### Data excerpt
=-=-=-=-=
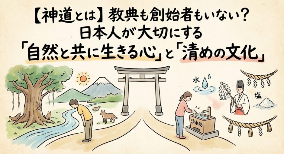 「神道」とは、実は宗教というよりも、私たち日本人が古くから大切にしてきた「自然への畏敬」や「清らかさ」を求める感覚そのものと言えるかもしれません。 今回は、難しい教義の話ではなく、なぜ日本人がこれほど神社を大切にするのか、その心の根底にある「神道」の世界観について、わかりやすく解説します。
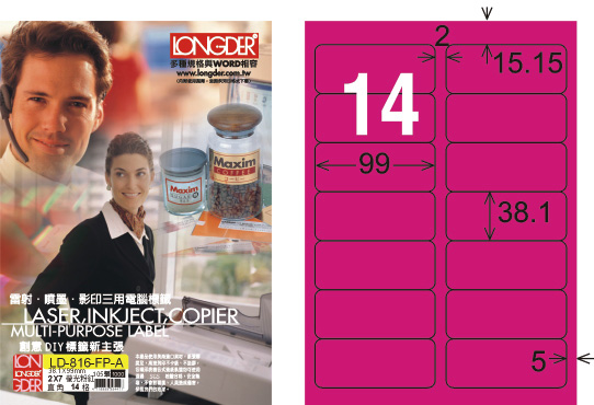 商品名稱:龍德 LD-816-FP-A A4雷射影印標籤 螢光粉紅 / 盒
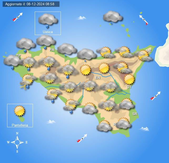 Nuvolosità in transito al mattino e al pomeriggio sulle zone occidentali della regione con possibilità di piogge sparse, maggiori schiarite altrove. In serata e nottata ancora fenomeni possibili sui settori settentrionali dell’Isola.
=-=-=-=-=
### Exercise directions
For the material above, give every line again exactly and leave out the pictures.

### Solution to this problem
 「神道」とは、実は宗教というよりも、私たち日本人が古くから大切にしてきた「自然への畏敬」や「清らかさ」を求める感覚そのものと言えるかもしれません。 今回は、難しい教義の話ではなく、なぜ日本人がこれほど神社を大切にするのか、その心の根底にある「神道」の世界観について、わかりやすく解説します。
 商品名稱:龍德 LD-816-FP-A A4雷射影印標籤 螢光粉紅 / 盒
 Nuvolosità in transito al mattino e al pomeriggio sulle zone occidentali della regione con possibilità di piogge sparse, maggiori schiarite altrove. In serata e nottata ancora fenomeni possibili sui settori settentrionali dell’Isola.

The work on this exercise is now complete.